Graham Hancock’s 1989 book The Lords of Poverty: The Power, Prestige and Corruption of the International Aid Business is still relevant more than three decades later. As we hand over hard-earned money to aid charities, little do we know that these charitable donations by the public rarely benefit the intended beneficiary.
Hancock sets out the key parameter which governs aid donations. This is that if a project is funded by foreigners, it will typically also be designed by foreigners, implemented by foreigners, and use foreign equipment which has been procured in foreign markets.
The result is that little, if any, input is required from locals, such as local labour, goods and services. This is rarely a significant part of any provision of aid, as the primary aim of donors is to benefit the donor country. Labour-intensive projects are few in Africa because so much donor aid is based on self-interest.
Charities have stepped into many African countries because the Government cared so little about the wellbeing of its people, particularly in the fields of health and education. That charitable help is welcome, but the African has rarely ended up actually being benefitted.
Putting on one side the reality that much of the aid donations are diverted into the hands of corrupt officials, aid is also often self-serving. A disaster or famine is welcomed as a ‘growth opportunity’ and the advertising to stimulate donations will use images of the disaster to make money. This keeps the charity alive and well but not necessarily the people in the images advertised.
But it could be asked, why don’t Africans help themselves more? The answer is that it is simply too easy to accept the donor gifts, and when they break down, they are discarded. Broken down, rusted, machinery is a normal sight across Africa. The only gifts that last a long time are the shipping containers that the equipment arrives in. These are useful, as people or animals can use them as homes, or for sleeping in.
Most local African communities see no long term benefit from aid. Aid projects have been a failure after decades of activity, because there is no thriving economy as a result of the aid.
Another aspect of aid is to try and change existing lifestyles, with charities constantly declaring that ‘their way is best’. They are staffed by people who tell the locals that they are blameworthy, sinners even, just for trying to earn a living in the locality, where money is hard to come by. Ultimately, people need money in their pocket to survive.

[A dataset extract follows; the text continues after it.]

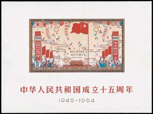 1964 15th Anniv. Of Founding of People's Republic of China (C106M) miniature sheet, unmounted mint with full original gum, light dirt on left and minor creased at lower central, still fne. Photo

In his African travel book Dark Star Safari, Paul Theroux wrote extensively about the work of aid agencies in Africa, which he called “agents of virtue”, from long experience living and working there. He gave ‘on the ground’ examples of aid agency failure, using every day examples such as housing and prostitution.
On housing, he used the example of a German aid agency which built pretty German-designed duplex houses on the outskirts of a Northern Ethiopian town. The houses quickly became broken down and unused. This is because the German agency did not take into account the actual requirements of the locals. The locals needed housing which could accommodate their goats as well as their families, otherwise the local hyenas would slaughter the animals. So the German houses were never used, and the Ethiopians stayed in their existing mud housing, which was better adapted to their environment.
Then there is prostitution. This is a taboo subject (in the West), but as a speaker of various African dialects, Paul Theroux talked to many who were working in the streets, bars and cafes. Shelters were created by charity workers with the laudable aim of taking prostitutes off the streets and ‘empower them’, but these ladies preferred to take the risk.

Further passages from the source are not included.